The problem was almost certainly the EFI problems with early macbook pro 2011 and sata 3 devices.
Anyways, I got the crucial M4 256gig yesterday and installed it. Haven't had a single problem with it. I did quite a bit of research and I think its very reliable and performant.
I have an early 2011 macbook pro. 15 inch 2.0 i7 quad core. I didn't do any advanced configurations on it. (because it was already too expensive as it was.) I haven't had any issues with my macbook. You'll notice below I replaced some of the parts (fans). I haven't had any heating issues and the fans weren't worn out. I'm just extremely paranoid about laptop heat issues. So I replaced them and applied thermal paste to the GPU and CPU. I had planned to trade in early 2012 and get an upgrade. The early 2012 models aren't out yet, but they don't look to be a redesign. Only marginal stat increases. So I ended up spending about 350 dollars acquiring the following hardware:
(X2) CORSAIR 8GB DDR3 1333 (PC3 10600) Memory CMSA16GX3M2A1333C9
optibay enclosure for 2.5" SATA device
OCZ 120 GB Vertex 3 SATA III 6.0 Gb-s 2.5-Inch Solid State Drive VTX3-25SAT3-120G
USB enclosure for macbook superdrive
macbook pro left and right fan replacements
Arctic Silver 5 Thermal Compound
Should be said I used an anti-static mat under the notebook. Also used an antistatic bracelet. Unplugged all circuitry, lifted the board up, removed heat sinks from GPU and CPU. Cleaned each surface with a thermal paste prep substance. Not sure, but probably some type of alcohol compound. Applied plenty of thermal paste to each. Spread it out evenly. Put the heat sinks back on both. Put the board back in its place. I replaced my 4 gigs of ram with 16 gigs. I removed my hard drive and replaced it with the 120 gig solid state drive. I removed my dvd superdrive from the macbook. I installed the optibay enclosure in its place with the old hard drive. Installed the new fans for both CPU and GPU. Plugged all the circuitry back up. Turned on, everything works. Installed my old superdrive into a USB enclosure and use it externally now.
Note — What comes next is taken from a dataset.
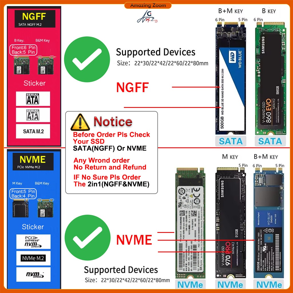 Dual Protocol USB 3.1 to M.2 NGFF/NVME 2in1 SSD Hard Disk Box Adapter Card HDD Enclosure Case

All in all, took about an hour. I was extra slow and careful. Especially about removing the connections on the board. It required a few different specialized screw drivers (phillips #00 and a torx t6) which I researched ahead of time. I've ended up installing OSX on the solid state drive and formatting the old 500 gig hard drive. It takes about 11 seconds now to totally boot osx. Up from 53 seconds as I timed it before the upgrades. I'm able to run multiple VMs with different operating systems now, thanks to the extra ram, without slowing to a crawl. The termal paste and fan have lowered the heat on the hardware substantially. I'm measuring an 9 degrees celsius drop. It was running in the low 80's with everything heated up. Now it's down to 71ish. Which is safely under spec.